• [Your instructions] Quote the lines below from the one containing "第10局,赵心童上演一杆打进三颗红球的名场面↓" to the final line, both ends included; exclude the pictures.

*** Stored data Section Begins ***

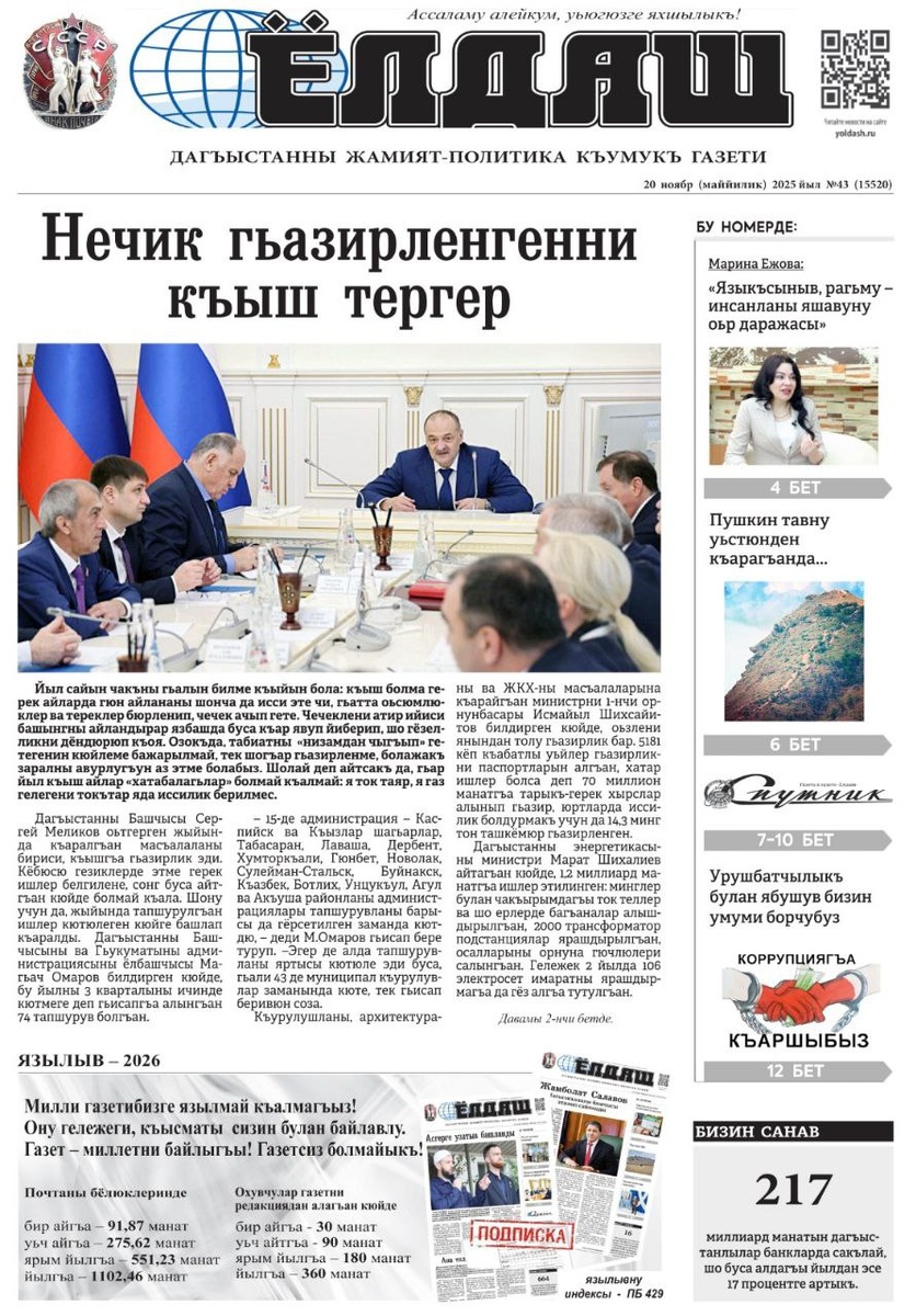 Вышел новый номер республиканской газеты «Ёлдаш» №43 от 20 ноября 2025 года. Читайте в номере: 🔻Какова готовность – покажет зима. Г.Конакбиев. 🔻Прямой эфир Главы Дагестана. Г.Конакбиев. 🔻Юношей обучают защищать Родину. Х. Хайбуллаев. 🔻Доброта и участие- высшее качество человечества. П.Хайбуллаева. 🔻Участники СВО своим мужеством дополняют героизм отцов. 🔻Один из лучших защитников. К.Казимов. 🔻Когда оглядываешься с Пушкин горы. К.Караев. Спутник. 🔻У хорошего всадника и лошадь воспитанная. 🔻Полынь – судьба Мурада Аджи. 🔻Потеряла главное предназначение и смысл. А.Алиев. 🔻Борьба с коррупцией наш общий долг. П.Бекеева. 🔻Педагог, сумевший сохранить достоинство. М.-Р.Ибрагимов. 🔻Машина – чемпиону в подарок Н.Эндреева. 🔻Детская страница: Победители футбольной лиги. Н.Байболатов. 🔻Известные кумыки.Эльмурза Джумагулов. Эти и другие материалы читайте в новом номере газеты «Ёлдаш».
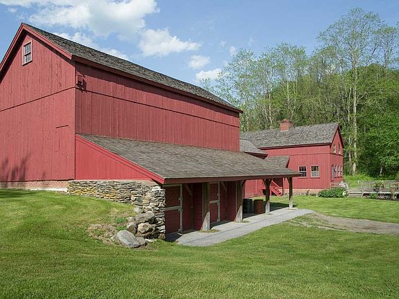 AVAILABLE IMMEDIATELY FOR YEARLY RENTAL. The Red Barn stands out against the sun drenched green of the surrounding meadowland. Set on six acres in scenic Clove Valley, with hilltop access to a private lake, including dock, picnic area, and changing room, the Red Barn is rustic folk architecture with enough modern comfort, privacy, and space to make it the ideal home for a discerning lover of the pastoral. With wide plank flooring and many windows, the airy interior is replete with rustic touches, including exposed hand-hewn mantle and beams and tongue-in-groove farmhouse doors with original cast iron hardware. Additional special touches: stone fireplace and outdoor shower. The country kitchen overlooks the countryside and has a full closet pantry and tile counter. A dining room off the central hall is close to both kitchen and large living room that overlooks a wooden deck. On the second floor, a large master bedroom, bath, and dressing room extends over the unfinished part of the original barn. There are two guest bedrooms with a shared full bath, and a sitting room. Every room has a more soothing bucolic view than the last, making Red Barn a timeless country retreat just minutes from convenient shopping and close to Millbrook, NY. Includes mowing and plowing. Tenant pays all other utilities and services.
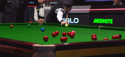 第10局,赵心童上演一杆打进三颗红球的名场面↓
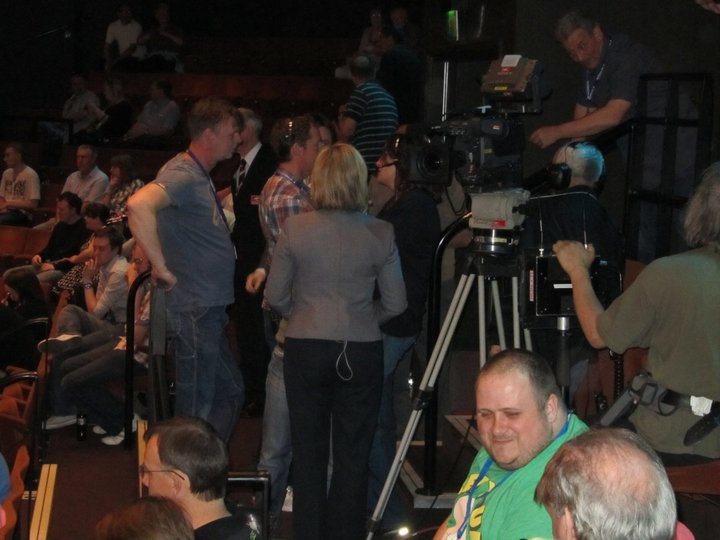 The BBC filming from inside the Crucible

*** Stored data Section Ends ***

• [Exercise result]
 第10局,赵心童上演一杆打进三颗红球的名场面↓
 The BBC filming from inside the Crucible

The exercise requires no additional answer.